[Information provided — start]

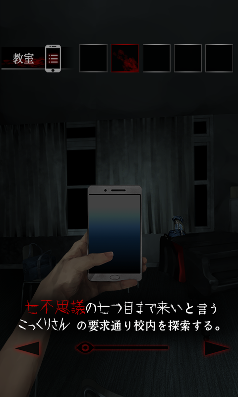 ●こっくりさんの要求通りに七不思議の七つめへ向かうホラー脱出ゲーム。
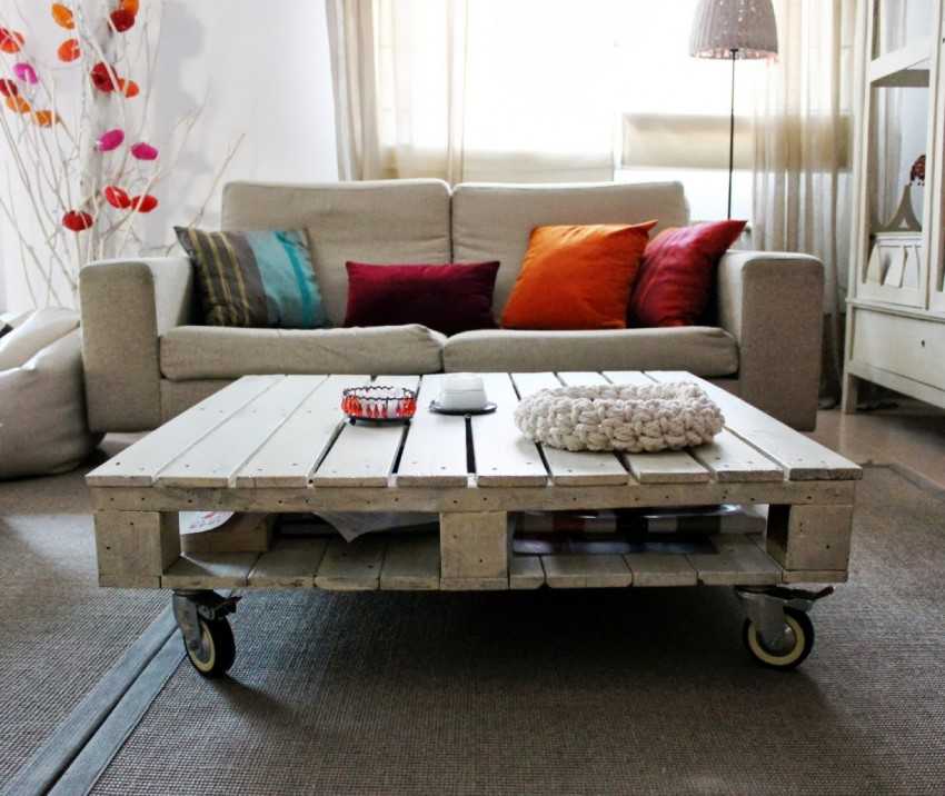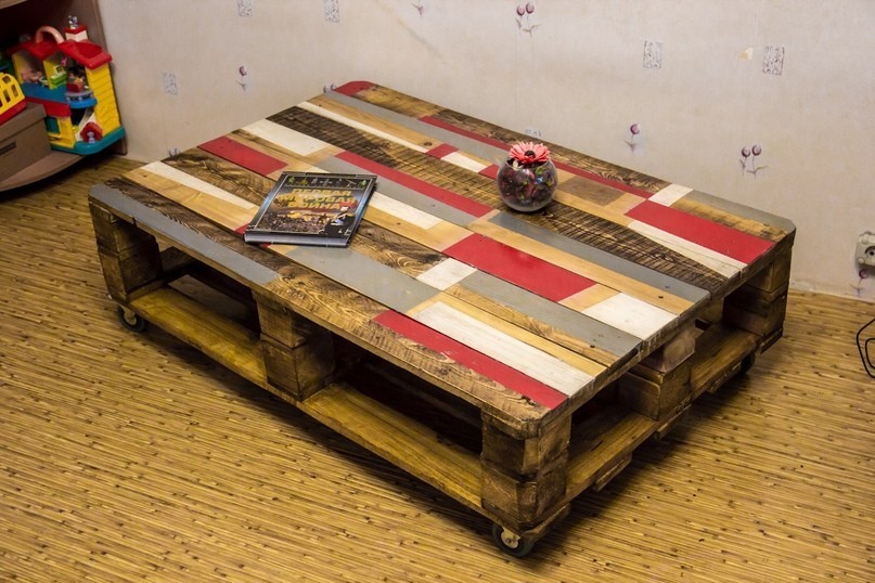 Порой однотонный столик из поддонов выглядит в интерьере слишком скучно и обыденно. Освежить дизайн помогут различные виды декоративной отделки:
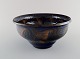 Kähler, HAK. Skål i glaseret stentøj. Orange bladværk på blå baggrund. 1930/40'erne. Måler: 26,5 x 13 cm. Signeret. I flot stand.
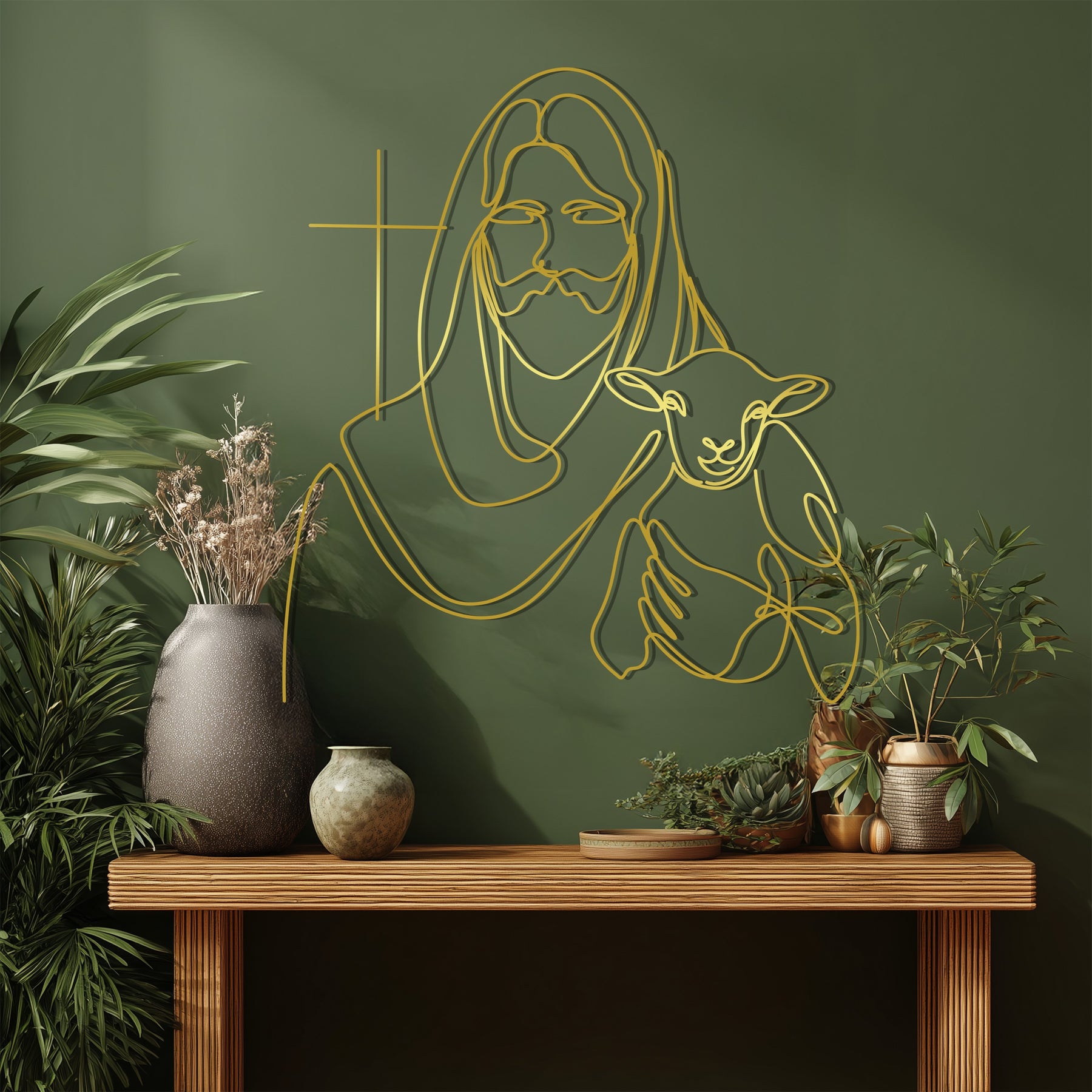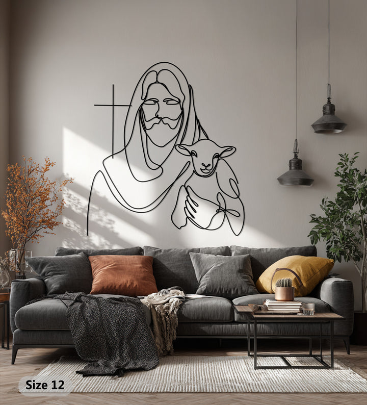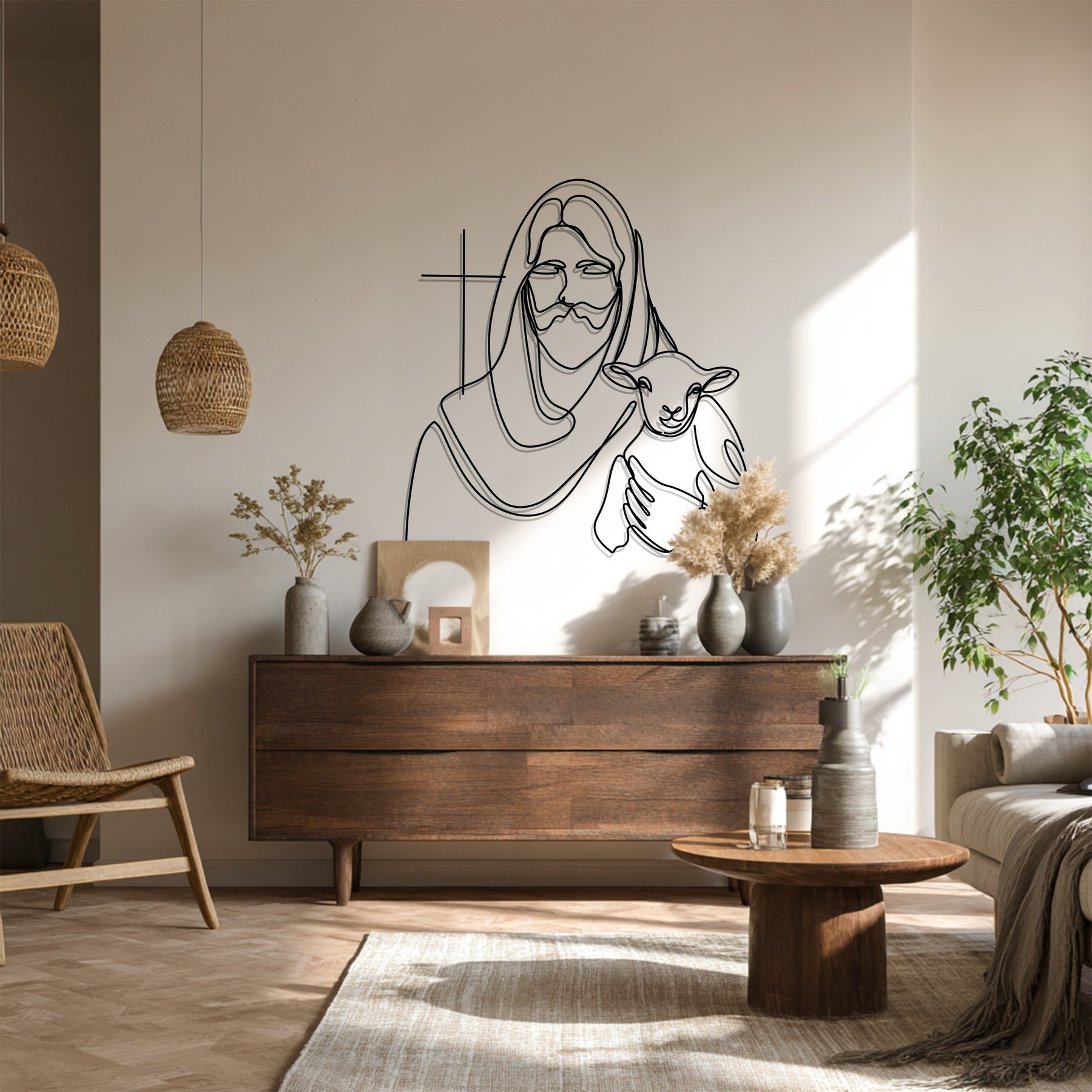 Grace your walls with serenity and faith through the Jesus with Lamb Minimalist Metal Wall Art. Designed with elegant continuous line artistry, this piece captures the tenderness of Jesus holding a lamb — a timeless symbol of compassion, purity, and divine care.

[Information provided — finish]

A word-for-word repeat is expected of the lines from the one with "Порой однотонный столик" to the end of the data, both included; pictures are not part of it.

 Порой однотонный столик из поддонов выглядит в интерьере слишком скучно и обыденно. Освежить дизайн помогут различные виды декоративной отделки:
 Kähler, HAK. Skål i glaseret stentøj. Orange bladværk på blå baggrund. 1930/40'erne. Måler: 26,5 x 13 cm. Signeret. I flot stand.
 Grace your walls with serenity and faith through the Jesus with Lamb Minimalist Metal Wall Art. Designed with elegant continuous line artistry, this piece captures the tenderness of Jesus holding a lamb — a timeless symbol of compassion, purity, and divine care.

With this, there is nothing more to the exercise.